А в самом шкафчике были разноцветные заграничные бутылки с экзотическими напитками, ликерами и кубинским ромом. Папа любил угощать меня и угощаться сам из маленьких серебряных стопок»2. Выбирая подарок отцу ко дню рождения, Марина Арсениевна, безусловно, учитывала эту почти детскую привязанность поэта: к очередному 25 июня она приготовила «старинный флакон с серебряной пробкой»3.

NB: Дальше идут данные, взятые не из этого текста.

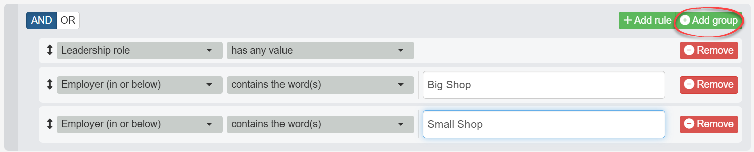 - Now we need to create a group for our rules about employment since we want Broadstripes to search for people who are leaders at either “Big Shop” or “Small Shop” (not both).
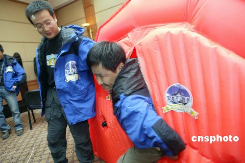 四月二十一日,由北京三夫戶外運動俱樂部發(fā)起并成立、聯(lián)想集團(tuán)公司冠名贊助的一支民間科學(xué)考察隊伍-聯(lián)想鋒行科學(xué)考察探險隊在北京正式成立,將于今年五月份對可可西里(藏北、新疆阿爾金山區(qū)域)進(jìn)行由南至北的穿越式科學(xué)考察活動,最重要的科考內(nèi)容是與北京大學(xué)環(huán)境學(xué)院聯(lián)合進(jìn)行的“青藏高原可可西里地區(qū)表土POPs分布調(diào)查”項目,這項科考內(nèi)容在中國還是第一次。本次科考探險活動將從五月一日開始,歷時二十二天,行程六千多公里,其中穿越無人區(qū)達(dá)一千六百多公里。圖為科考探險隊隊員演示一個酷似帳篷的便攜式高壓氧艙。作者:盛佳鵬
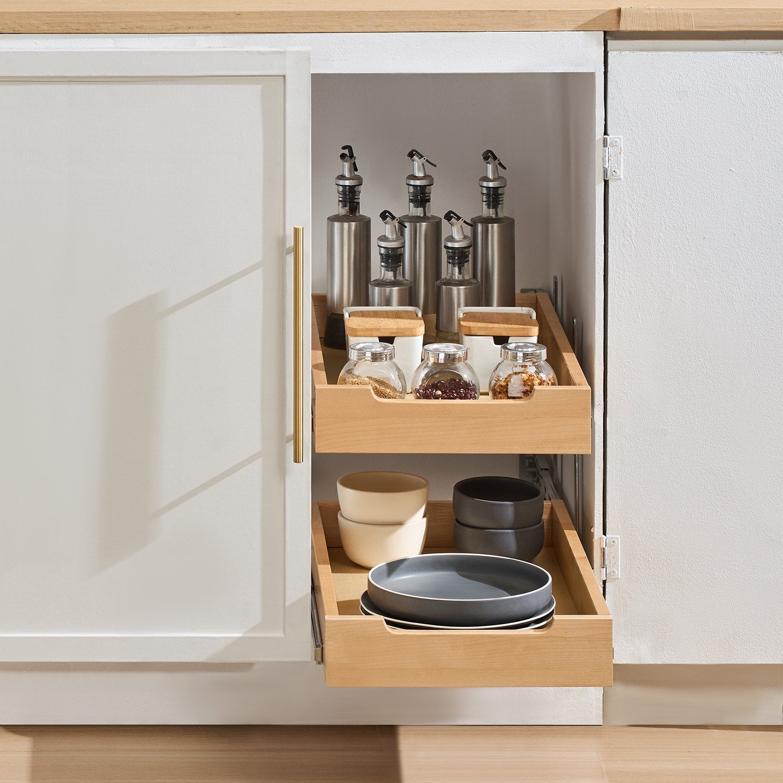 2 Tier Pull Out Cabinet Organizer, 14"W x 21"D Cabinet Drawer, Soft Close Slide out Shelf, Heavy-Duty Sliding Wood Drawer, Adjustable Base Cabinet Organization for Kitchen Pantry Bathroom
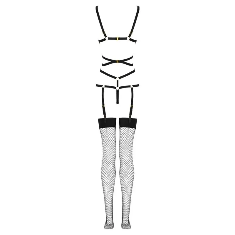 La parte superior del conjunto consta de sexys rayas negras, entrelazadas en el vientre y conectadas con anillos. Los tirantes de la parte superior rodean elegantemente el busto sin cubrirlo, mientras que en la parte inferior se transforman suavemente en un tanga. Tiras individuales corren a ambos lados del tanga, abrazando encantadoramente las caderas. La parte inferior del conjunto se compone de medias negras de largo regulable, confeccionadas en malla. Las medias se sujetan con broches al elemento superior del conjunto, por delante y por detrás.
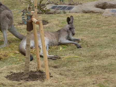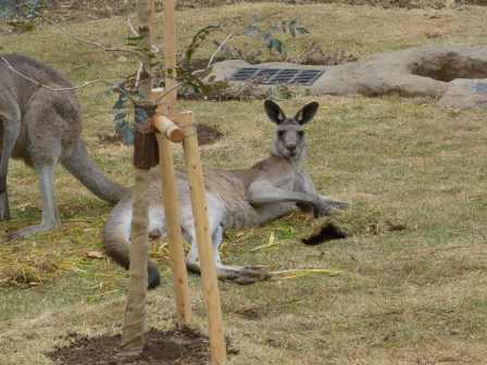 更新日:2016.05.17楽しい? 更新日:2016.05.17 楽しい? 前の展示場は砂でしたが、新しい展示場は芝生がはってあります。カンガルーたちは気になるようで、寝転んで芝生をつかんで持ち上げる。お腹がすけば、食べ始める…。そんなにいじったら、すぐに芝生がなくなっちゃうよ~。ほどほどにお願いします(笑) この記事をシェアする Facebook Twitter LINEで送る 練習 リニュー…
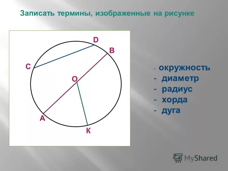 Диаметр и радиус окружности рисунок.
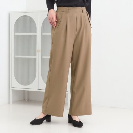 縦ラインがすっきり見えするへリンボーン素材のワイドパンツ。

Неистребимая тяга к волшебству, «глупое пристрастье к чуду», несмотря на голод, крайнюю бедность, близость смерти и потери близких — весь тот экзистенциальный ужас, который семья Тарковских переживала в годы гражданской войны вместе со всей Россией, — были первым и очевидным проявлением поэтического дара Арсения Тарковского. На закате жизни он вспомнит о первом явлении музы «в девятнадцатом году» как о подлинном чуде посреди разрушенной и умирающей жизни:
…Брата старшего убили,
И отец уже ослеп,
Все имущество спустили,
Жили, как в пустой могиле,
Жили-были, воду пили
И пекли крапивный хлеб.
………………………..
Но картошки гниловатой
Нам соседка принесла
И сказала: — Как богато
Жили нищие когда-то.
Бог Россию виноватой
Счел за Гришкины дела.
Вечер был. Сказала: — Ешьте! —
Подала лепешки мать.
Муза в розовой одежде,
Не являвшаяся прежде,
Вдруг предстала мне в надежде
Не давать ночами спать.
Первое стихотворенье
Сочинял я, как в бреду:
«Из картошки в воскресенье
Мама испекла печенье!»
Так познал я вдохновенье
В девятнадцатом году.
«Жили-были», 1975
В схожей «пограничной ситуации» — в 1946-м, когда поэт мучительно переживает идеологический разгром и физическое уничтожение уже готовой к печати первой книги своих стихов, — были написаны такие строки:
Порой по улице бредешь —
Нахлынет вдруг невесть откуда
И по спине пройдет, как дрожь,
Бессмысленная жажда чуда.
Эта спасительная «бессмысленная жажда чуда», которой «придется стать стихом, когда и ты рожден поэтом», возникает у самых истоков жизни Тарковского — в его «золотом детстве», о чем убедительно свидетельствуют автобиографические рассказы поэта («Точильщики», «Константинополь», «Марсианская обезьяна», «Донька» и другие). То он ищет клад в саду «где-нибудь под жасмином или серебристым тополем»; то бредит путешествием в Константинополь, по которому «в течение восьми лет» мысленно прогуливается в сопровождении Г. Доре — автора восхитительных иллюстраций к «Истории Франции» Ж. Мишле; то, страстный «огнепоклонник», втайне от родителей сбегает из дома на базар, чтобы посмотреть на точильщиков и самому стать точильщиком — «колдуном и волшебником», заклинателем «дивного золотого дождя»; то, подружившись с озорной мартышкой Донькой, подаренной его старшей сестре Леонилле одним из ее ухажеров, превращается в марсианскую обезьяну и — к ужасу своих любящих родителей — самозабвенно демонстрирует, как она ищет блох, всему благородному собранию гимназии М. Крыжановского, чуть не сорвав выступление своего старшего брата Вали «с рефератом о Марсе» перед учителями, гимназистами и их родителями… В то «торжественное воскресенье», вместе с отцом и братом, пятилетний Асик Тарковский несет конспекты, ученые книги и диапозитивы для волшебного фонаря, через который — как «сквозь магический кристалл» — он смотрит на мир и который и сам представляется ребенку меняющимся волшебным миром (рассказ «Марсианская обезьяна»).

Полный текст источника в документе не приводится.